Moreover, literature concerning benefit of adjuvant therapy after complete surgery is inconclusive because of the small numbers. By mutating already established concepts related to retroperitoneal sarcomas, adjuvant radiotherapy should be considered in case of positive margins, and chemotherapy in case of high risk of distant metastasis (large tumor size, high grade, high proliferative index, and presence of necrosis).

What is more, the role of radiotherapy/chemotherapy is still controversial in terms of impact on survival, although negative data may be affected by patients’ selection bias.

Some authors recommend adjuvant radiotherapy for high-grade testicular sarcoma or for patients with high risk of local recurrence.[5,20,21]

In their series of 21 patients, Catton and colleagues[22] observed a 5-year disease-free survival rate of 56% in the case of surgery alone and 100% when surgery was followed by adjuvant radiotherapy (P < .01). Fagundes and colleagues[5] analyzed 18 patients from the Massachusetts General Hospital, half of whom received adjuvant radiotherapy coupled with orchiectomy, while the remaining half received surgery alone. They reported no local failures in patients receiving adjuvant locoregional radiotherapy compared with a 56% recurrence risk (5 out of the 9 patients) in those treated with orchiectomy alone.[5] These findings suggest that adjuvant radiation may control local microscopic disease and reduce the risk of locoregional relapse.

In the retrospective analysis of data of the West China Hospital, the 43 patients managed with a combination of surgical resection plus radiotherapy plus chemotherapy had a mean survival of 55 months versus 76 months for the 67 patients treated with surgery plus chemotherapy, 39 months for the 8 patients treated with surgery plus radiotherapy, 69 months for the 29 patients treated with surgery alone, and 13 months for the 25 patients treated without surgery. The use of radiotherapy appeared being associated with an unfavorable outcome, but authors concluded that it might have resulted from a selection bias.
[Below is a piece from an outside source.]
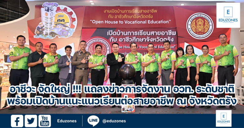 EZ Webmaster January 13, 2025 อาชีวะ จัดใหญ่ !!! แถลงข่าวการจัดงาน อวท. ระดับชาติ พร้อมเปิดบ้านแนะแนวเรียนต่อสายอาชีพ ณ จังหวัดตรัง EZ Webmaster January 13, 2025 นายยศพล เวณุโกเศศ เลขาธิการคณะกรรมการการอาชีวศึกษา มอบหมายให้ นายสง่า แต่เชื้อสาย รองเลขาธิการคณะกรรมการการอาชีวศึกษา (รองเลขาธิการ กอศ.) เป็นประธานงานแถลงข่าวการจัดงานประชุมวิชาการองค์การนักวิชาชีพในอนาคตแห่งประเทศไทย (อวท.) ระดับชาติ ครั้งที่ 33 ประจำปีการศึกษา 2567 และเปิดบ้านการเรียนสายอาชีพ กับอาชีวศึกษาจังหวัดตรัง “Open House to Vocational Education” โดยมี นายทรงกลด สว่างวงศ์ ผู้ว่าราชการจังหวัดตรัง พันตำรวจเอก เอกณรงค์ สวัสดิกานนท์ รองผู้บังคับการตำรวจภูธรจังหวัดตรัง นายสุธรรม… Continue Reading
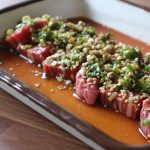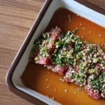 這堂課將介紹用平底鍋或可在瓦斯爐上使用的韓式烤肉盤就能完成的燒肉,完全可以在家吹著冷氣吃,保證不滴汗。而說到燒肉,當然是牛肉了,三款在日式燒肉店常見的部位,包括橫隔膜、翼板與壺漬牛肋條,搭配三款不同風味的醃醬;除了牛肉,還有日式串燒定番的串烤雞肉丸,是牛肉之外的另一選擇。

However, regardless of adjuvant therapy, our cases, in line with data reported in literature, suggest that long-term follow-up is recommended given the high recurrence rates, often delayed, of paratesticular sarcomas.

In conclusion, due to low prevalence, prospective trials are not feasible for these tumors; thus, principles of therapy are based on case series and retrospective studies. In all reported cases, it is clear that complete surgical excision is the most important therapeutic approach, while benefits of adjuvant radiotherapy/chemotherapy and/or retroperitoneal lymph node dissection are still under investigation.

Our case series illustrates the entire clinical path of these patients from diagnosis to follow-up, through surgery and the possible use of adjuvant treatments. Moreover, in cases of disease recurrence, therapies were always chosen after multidisciplinary evaluation and consisted of second surgery and/or chemotherapeutic treatment.

Our small series confirms that recurrence is the Achilles heel of most paratesticular sarcomas, which can occur several years after initial treatment; long-term follow-up is, therefore, strongly recommended.

It is important to collect and report case studies/single-center experiences, and in cases of disease recurrence, the therapeutic measures adopted after multidisciplinary evaluation, consisting of second surgery and/or chemotherapy treatment using innovative or investigational drugs. In fact, these can represent complete and useful examples for the scientific community of clinical management of patients affected by this rare and aggressive neoplasm.